**Task directions**
Print the listing below word for word, but drop any pictures it contains.

**Data shown**
____________

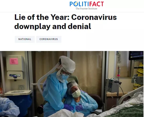 近日,“淡化及否认新冠肺炎疫情”被美国“政治事实”时政新闻网评为美国2020年的“年度谎言”。
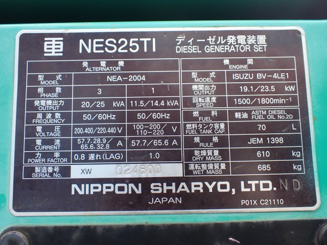 | 9258034 | NIPPON SYARYO | 発電機 & ウェルダー | NES25TI | XW024800 | |
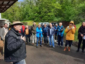 Mr Häfner explains the concept of the Eltmann local heating supply to the visitors. One current measure to increase efficiency is the replacement of old steel pipes with efficient plastic pipework.
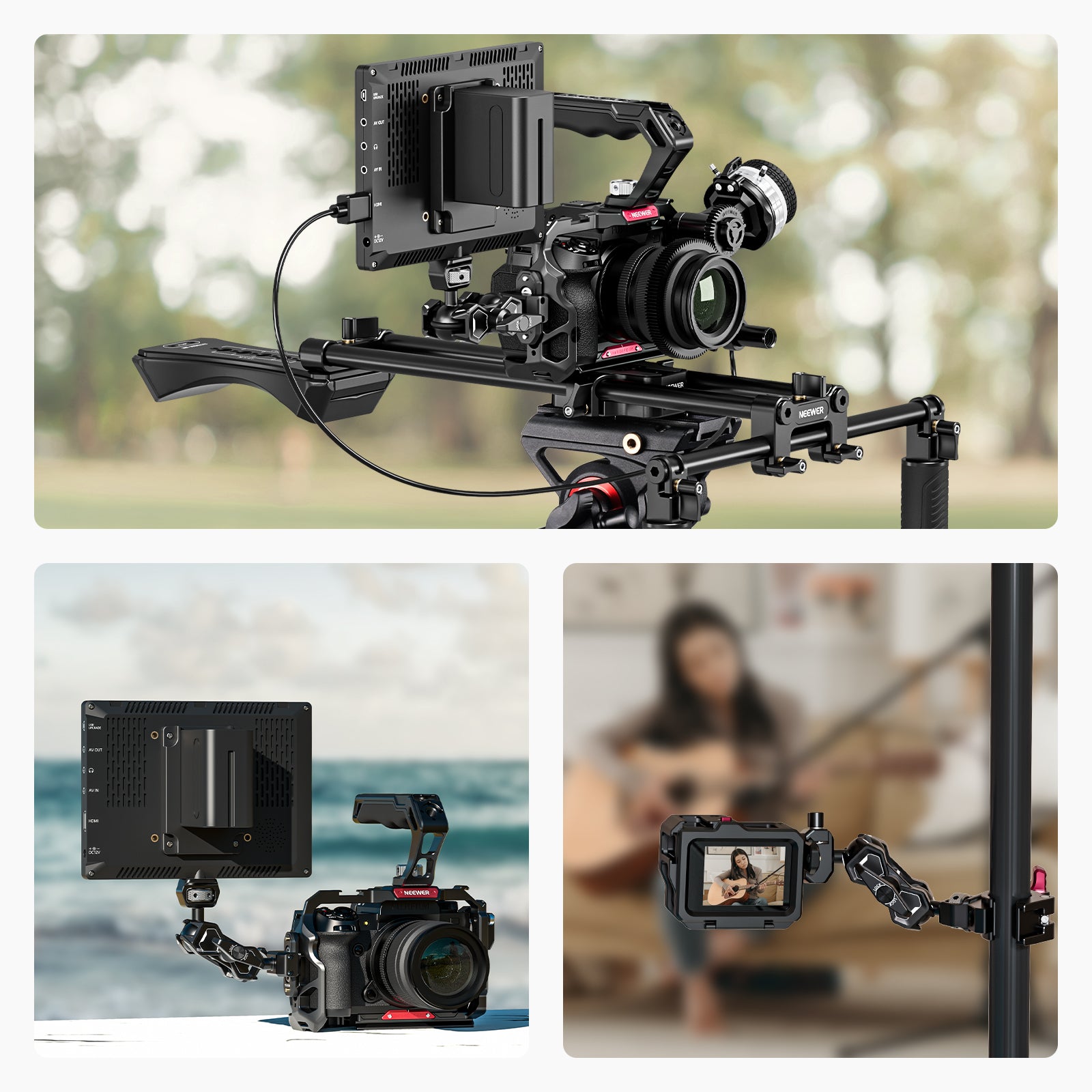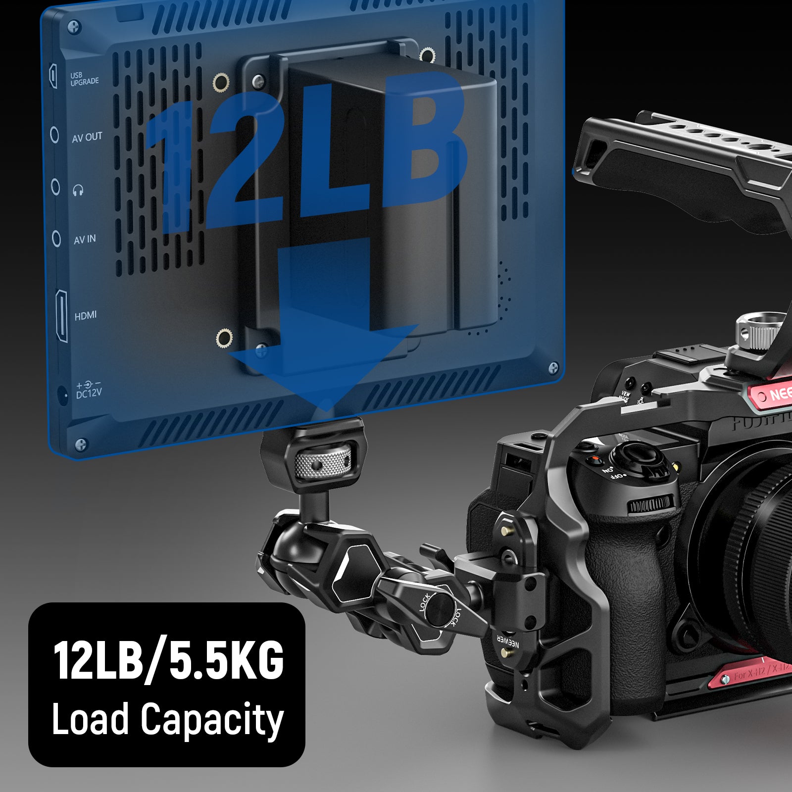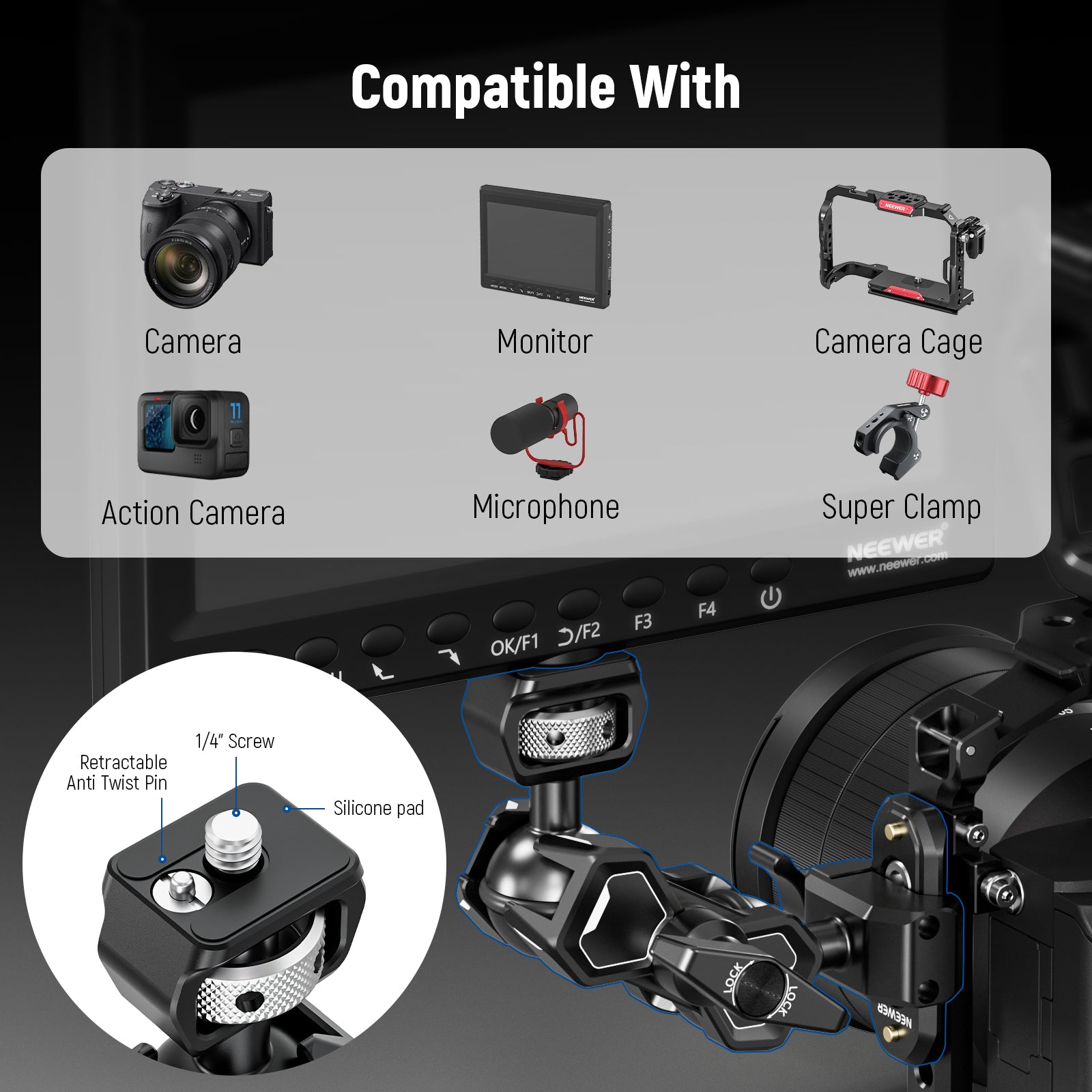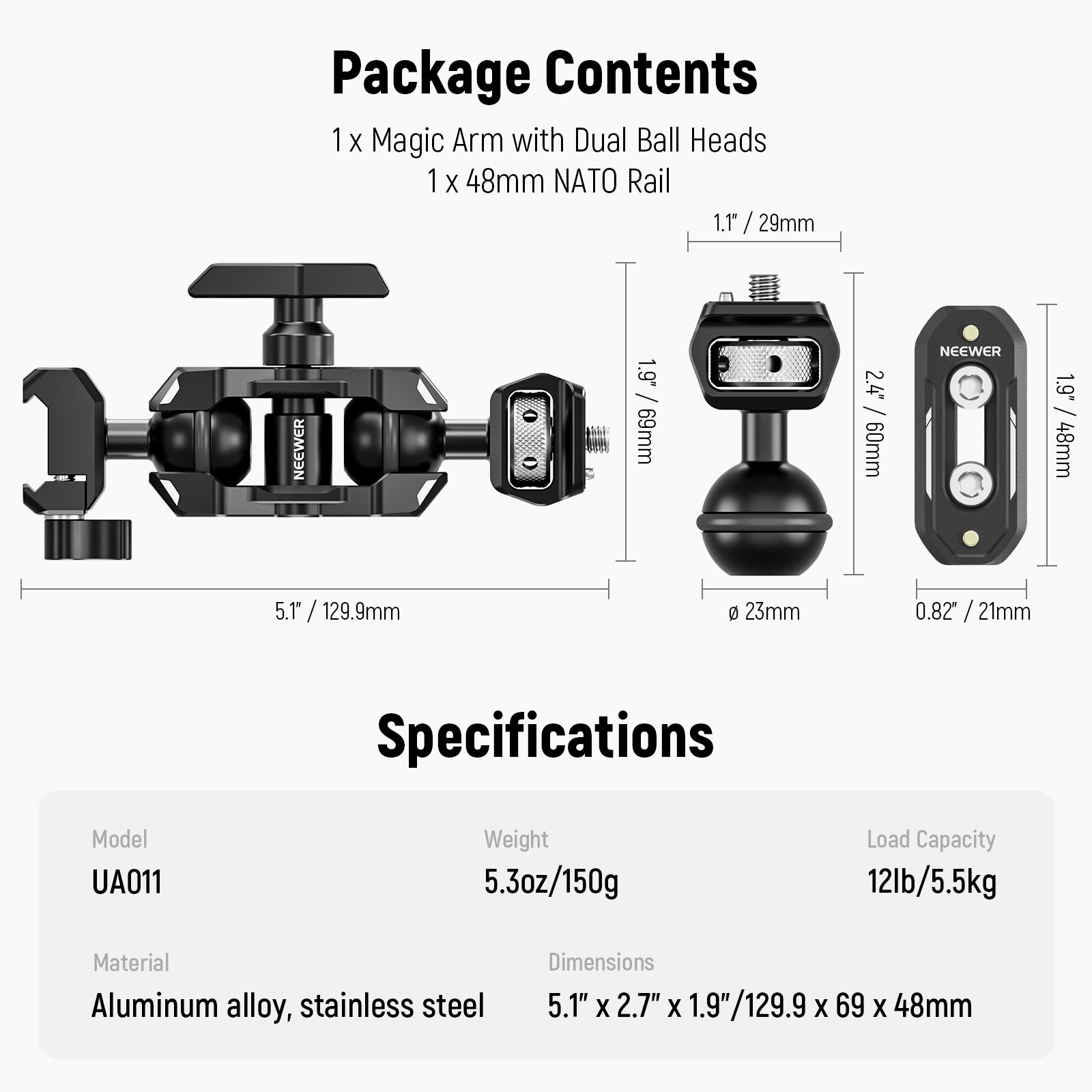 • Dual Ball Heads with 1/4" Screw & NATO Clamp- With a maximum load capacity of 12lb (5.5kg), the dual ball head magic arm features a NATO rail clamp for quick installation and flexible positions (a 48mm NATO rail is included), and a 1/4" screw with a retractable anti twist pin for field monitors, flashes, action cameras, microphones, and other accessories

____________

**Task response**
 近日,“淡化及否认新冠肺炎疫情”被美国“政治事实”时政新闻网评为美国2020年的“年度谎言”。
 | 9258034 | NIPPON SYARYO | 発電機 & ウェルダー | NES25TI | XW024800 | |
 Mr Häfner explains the concept of the Eltmann local heating supply to the visitors. One current measure to increase efficiency is the replacement of old steel pipes with efficient plastic pipework.
 • Dual Ball Heads with 1/4" Screw & NATO Clamp- With a maximum load capacity of 12lb (5.5kg), the dual ball head magic arm features a NATO rail clamp for quick installation and flexible positions (a 48mm NATO rail is included), and a 1/4" screw with a retractable anti twist pin for field monitors, flashes, action cameras, microphones, and other accessories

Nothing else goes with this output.